EXERCISE PROMPT
Return exactly the lines of the data below, from the one that contains "Contém 2 unidades." through the final line, and leave out every picture.

PROVIDED DATA

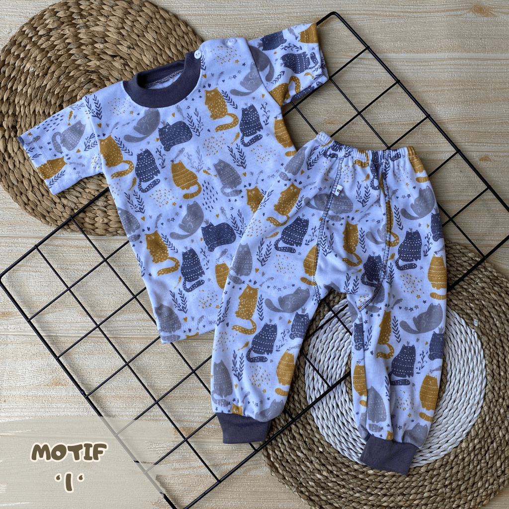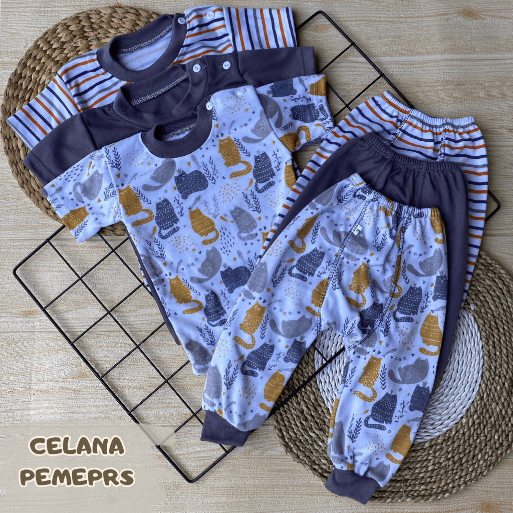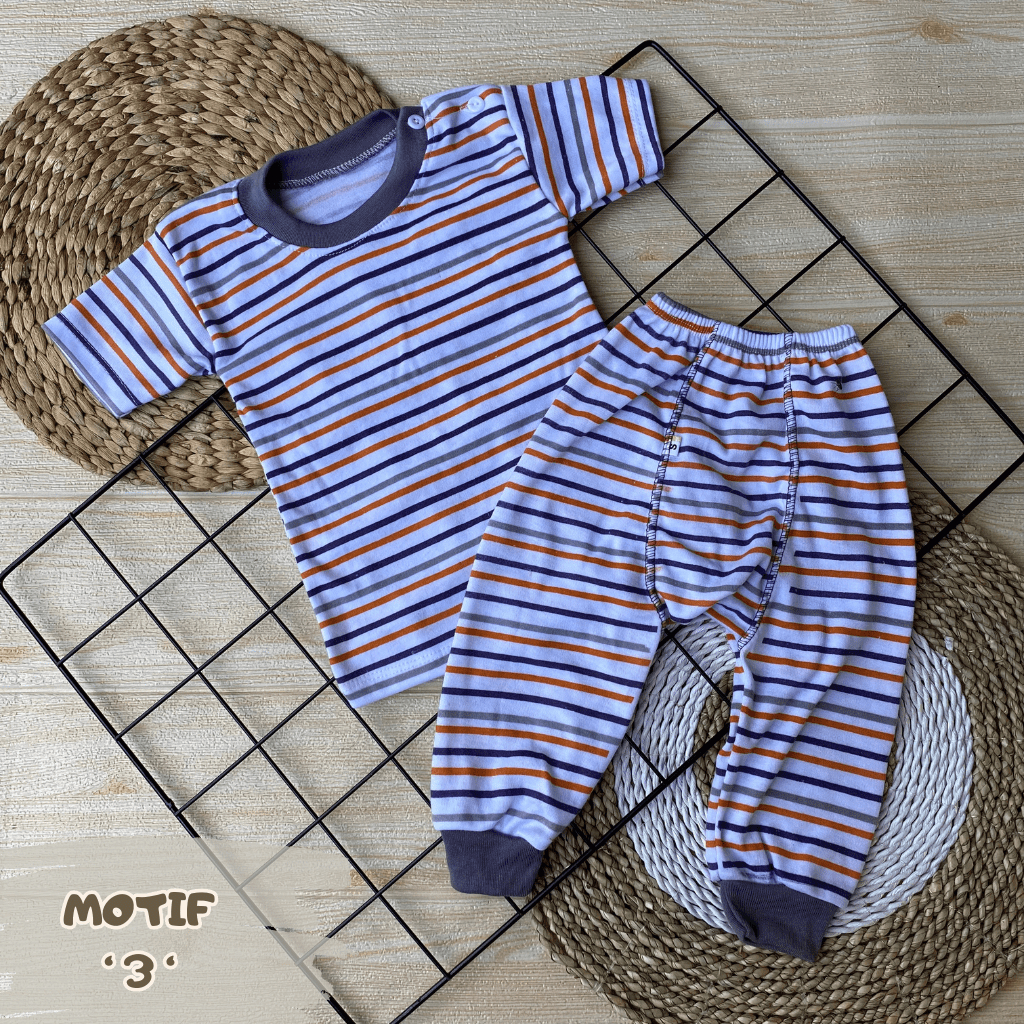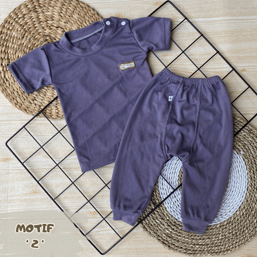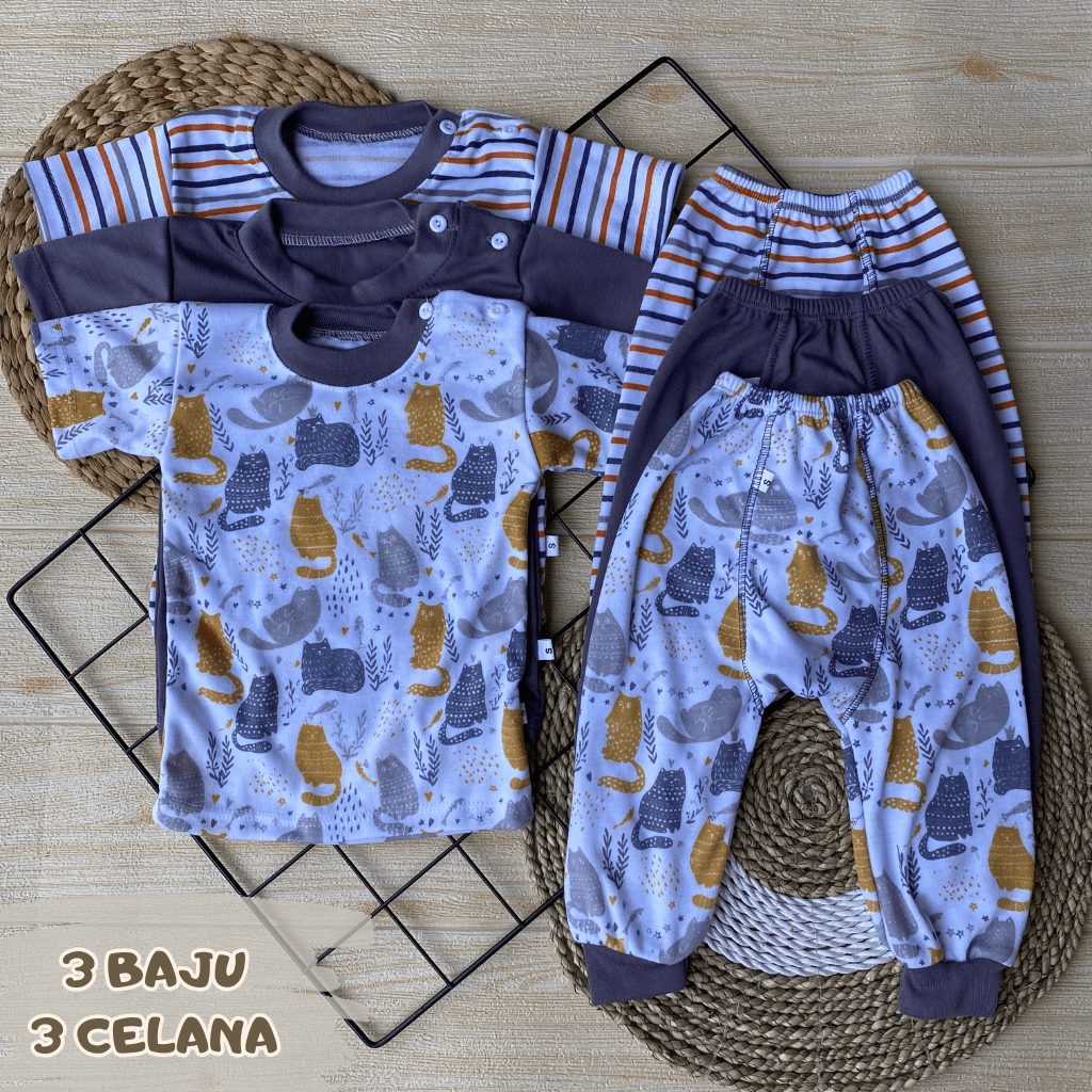 Y&M BABY - Isi 6 PCS Baju Bayi Lengan Pendek Celana Pempers Panjang Series Taro ( 3 Baju + 3 Celana ) Usia 0-18 Bulan
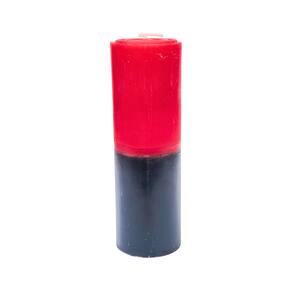 Contém 2 unidades. Cor: Vermelha e Preta. Peso: 260 gramas. Altura: 15 cm. Diâmetro: 50 mm. Composição: Parafina, Corante e Pavio. Validade: Indeterminada. Marca: SAGRADA VELA.
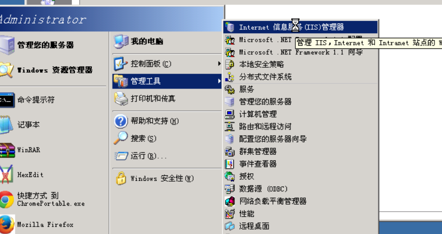 安装完成后会发现有管理工具中多了“Internet信息服务(IIS)”,找到并打开:

YOUR RESPONSE
 Contém 2 unidades. Cor: Vermelha e Preta. Peso: 260 gramas. Altura: 15 cm. Diâmetro: 50 mm. Composição: Parafina, Corante e Pavio. Validade: Indeterminada. Marca: SAGRADA VELA.
 安装完成后会发现有管理工具中多了“Internet信息服务(IIS)”,找到并打开:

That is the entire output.